**RAW DATA:**
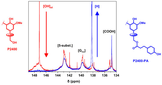 Finally, the carboxylic, aromatic and aliphatic ‒OH groups of lignin were identified and quantified by 31P NMR experiments [43]. The interval of the different types of lignin ‒OH groups were assigned as follows: aliphatic ‒OH (δOHali = 146–150 ppm), 5-substituted aromatic ‒OH (S and G condensed units, δ5-susbt. = 141–144.5 ppm), G non-condensed aromatic ‒OH (δGnc = 138.5–141 ppm), p-hydroxyphenyl aromatic ‒OH (δH = 137–138.5 ppm), and carboxyl groups (δCOOH = 134–136 ppm) (Figure S3) [45]. A magnification of the 31P NMR spectra of P2400 and P2400-PA between δ = 134–149 ppm is reported in Figure 4.
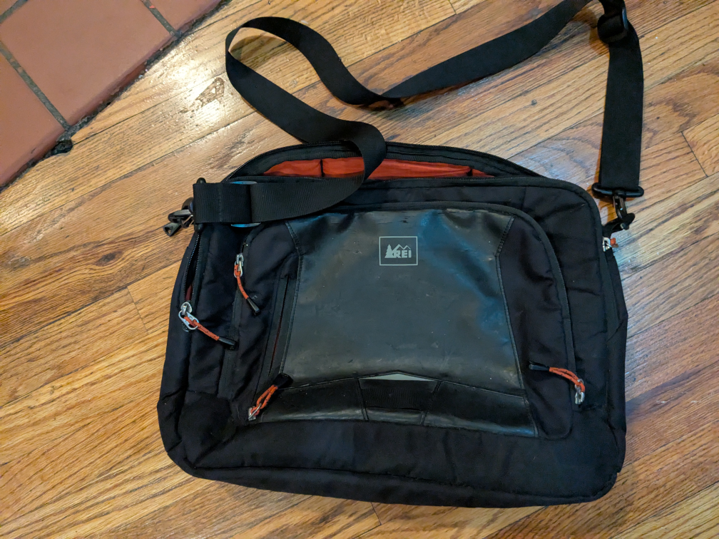 Selling a black REI laptop/messenger bag. It's in good condition, lightly used! plenty of pockets.
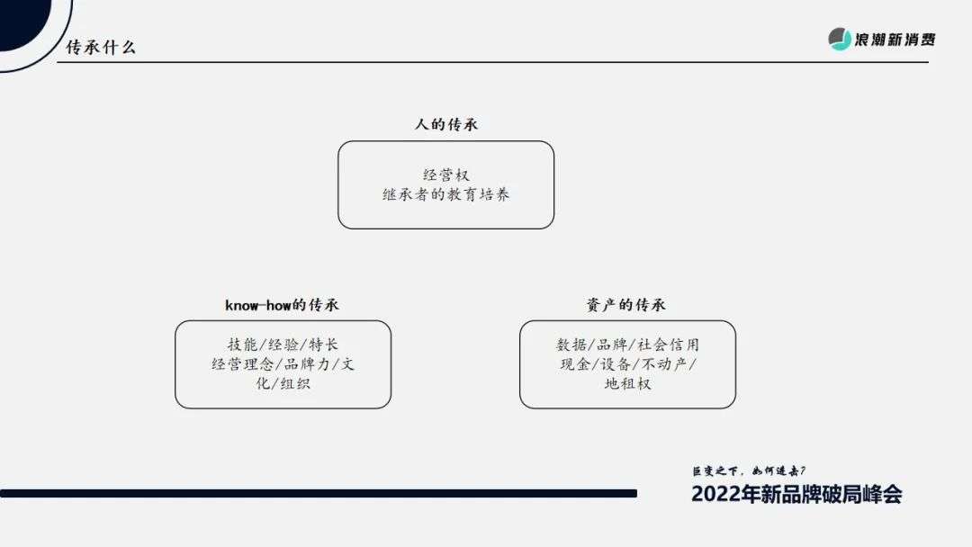 第三就是传承力,很多新消费企业可能还没遇到这个问题,但如果去看上一代创业者,其实很多都开始面临这个问题了。

**TASK DIRECTIONS:** The data above must be given again in full and unaltered, minus its images.

**SOLVED PROBLEM:**
 Finally, the carboxylic, aromatic and aliphatic ‒OH groups of lignin were identified and quantified by 31P NMR experiments [43]. The interval of the different types of lignin ‒OH groups were assigned as follows: aliphatic ‒OH (δOHali = 146–150 ppm), 5-substituted aromatic ‒OH (S and G condensed units, δ5-susbt. = 141–144.5 ppm), G non-condensed aromatic ‒OH (δGnc = 138.5–141 ppm), p-hydroxyphenyl aromatic ‒OH (δH = 137–138.5 ppm), and carboxyl groups (δCOOH = 134–136 ppm) (Figure S3) [45]. A magnification of the 31P NMR spectra of P2400 and P2400-PA between δ = 134–149 ppm is reported in Figure 4.
 Selling a black REI laptop/messenger bag. It's in good condition, lightly used! plenty of pockets.
 第三就是传承力,很多新消费企业可能还没遇到这个问题,但如果去看上一代创业者,其实很多都开始面临这个问题了。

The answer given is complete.